━━ RECORDED DATA ━━

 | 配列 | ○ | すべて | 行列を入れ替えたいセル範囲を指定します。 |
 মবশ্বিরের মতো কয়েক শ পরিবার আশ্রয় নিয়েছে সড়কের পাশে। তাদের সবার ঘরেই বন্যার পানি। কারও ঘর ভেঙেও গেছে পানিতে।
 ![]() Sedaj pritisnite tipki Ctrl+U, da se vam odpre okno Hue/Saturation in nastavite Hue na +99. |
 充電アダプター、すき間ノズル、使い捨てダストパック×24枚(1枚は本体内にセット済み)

━━━
━━ RECORDED DATA ━━

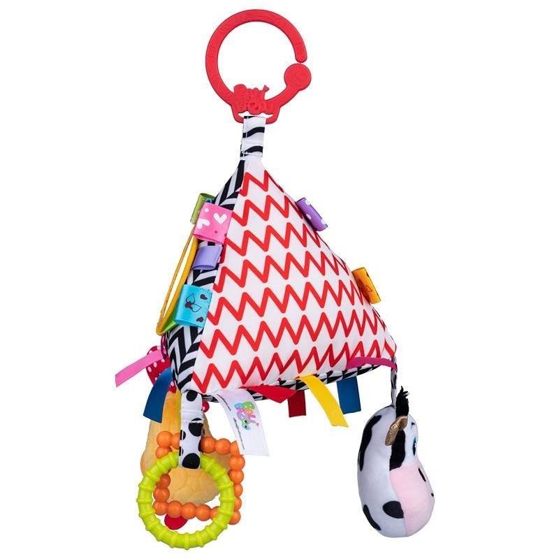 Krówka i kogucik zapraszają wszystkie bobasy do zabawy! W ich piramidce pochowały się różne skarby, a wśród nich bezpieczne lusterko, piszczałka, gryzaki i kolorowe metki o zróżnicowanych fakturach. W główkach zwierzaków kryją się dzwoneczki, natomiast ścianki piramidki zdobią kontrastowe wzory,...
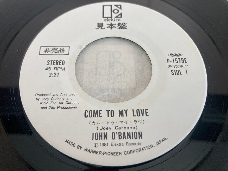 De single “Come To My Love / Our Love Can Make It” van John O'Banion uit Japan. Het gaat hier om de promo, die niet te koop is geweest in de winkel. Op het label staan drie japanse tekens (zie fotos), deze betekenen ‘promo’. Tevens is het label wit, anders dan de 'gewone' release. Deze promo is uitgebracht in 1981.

━━━

Copy the records above exactly, beginning at the line that contains "すべて | 行列を入れ替えたいセル範囲を指定します。 |" and stopping after the line that contains "充電アダプター、すき間ノズル".

● **WRITTEN ANSWER**
 | 配列 | ○ | すべて | 行列を入れ替えたいセル範囲を指定します。 |
 মবশ্বিরের মতো কয়েক শ পরিবার আশ্রয় নিয়েছে সড়কের পাশে। তাদের সবার ঘরেই বন্যার পানি। কারও ঘর ভেঙেও গেছে পানিতে।
 ![]() Sedaj pritisnite tipki Ctrl+U, da se vam odpre okno Hue/Saturation in nastavite Hue na +99. |
 充電アダプター、すき間ノズル、使い捨てダストパック×24枚(1枚は本体内にセット済み)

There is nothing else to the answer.